Generalized Contrastive Learning for Universal Multimodal Retrieval
Jungsoo Lee, Janghoon Cho, Hyojin Park, Munawar Hayat, Kyuwoong Hwang, Fatih Porikli, Sungha Choi
TL;DR
This work tackles the modality gap in universal multimodal retrieval by introducing Generalized Contrastive Learning (GCL), a loss that jointly contrasts image ($i$), text ($t$), and fused ($it$) embeddings within each mini-batch to learn a unified representation space. GCL leverages off-the-shelf image-caption data and defines a six-way modality pairing with a normalization over $6N$, enabling retrieval across all modality combinations without expensive triplet datasets. Empirical results show consistent improvements across diverse backbones (VISTA, CLIP, TinyCLIP) and benchmarks (M-BEIR, MMEB, CoVR), including gains in zero-shot settings and for lightweight models. The approach reduces reliance on curated datasets while delivering robust performance across image-only, text-only, and fused retrieval tasks, with potential for future integration into multimodal large language models and information-driven generation.
Abstract
Despite their consistent performance improvements, cross-modal retrieval models (e.g., CLIP) show degraded performances with retrieving keys composed of fused image-text modality (e.g., Wikipedia pages with both images and text). To address this critical challenge, multimodal retrieval has been recently explored to develop a unified single retrieval model capable of retrieving keys across diverse modality combinations. A common approach involves constructing new composed sets of image-text triplets (e.g., retrieving a pair of image and text given a query image). However, such an approach requires careful curation to ensure the dataset quality and fails to generalize to unseen modality combinations.

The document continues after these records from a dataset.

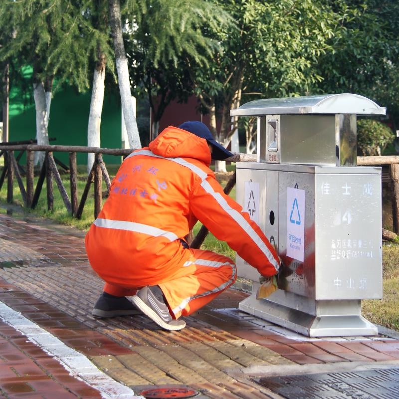 垃圾桶、果皮箱美观、整洁、无倾斜、歪倒现象,好率不低于95%。天要有专人擦洗,箱.体无乱张贴、无污迹和积尘,保持外观洁净。
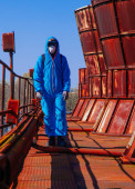 maski fabryka maska maseczka mężczyzna niebieski ochrona pomarańczowy przebranie roślina twarz w twarzy
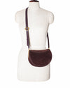 Wandler Kate Bag is rendered in a premium suede in a rich deep burgundy hue. The design is defined by its signature half-moon silhouette, featuring a curved top and a structured, rounded base. A standout feature is the wide, adjustable leather shoulder strap in a matching tonal burgundy, which is anchored by a polished gold-tone circular buckle for a touch of industrial elegance. The front is finished with a discreet gold-foil "Wandler" logo centered at the base.
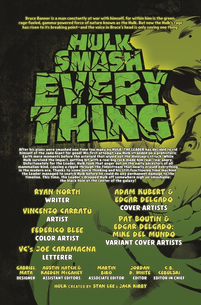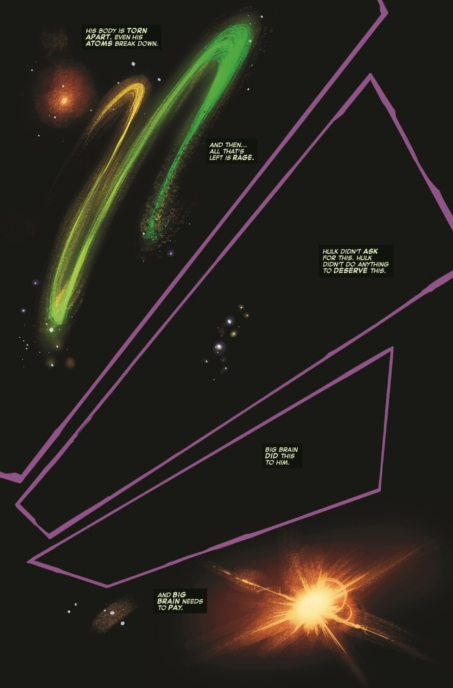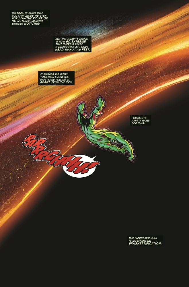 WHERE NO HULK HAS SMASHED BEFORE! It’s the fight you never knew you needed. HULK VS THE SUPERMASSIVE BLACK HOLE AT THE CENTER OF OUR GALAXY! Will the uncaring force of physics be enough to end Hulk’s rampage at last or will the Jade Giant conquer the cosmos itself?!

To overcome these limitations, this paper proposes Generalized Contrastive Learning (GCL), a novel loss formulation that improves multimodal retrieval performance without the burdensome need for new dataset curation. Specifically, GCL operates by enforcing contrastive learning across all modalities within a mini-batch, utilizing existing image-caption paired datasets to learn a unified representation space. We demonstrate the effectiveness of GCL by showing consistent performance improvements on off-the-shelf multimodal retrieval models (e.g., VISTA, CLIP, and TinyCLIP) using the M-BEIR, MMEB, and CoVR benchmarks.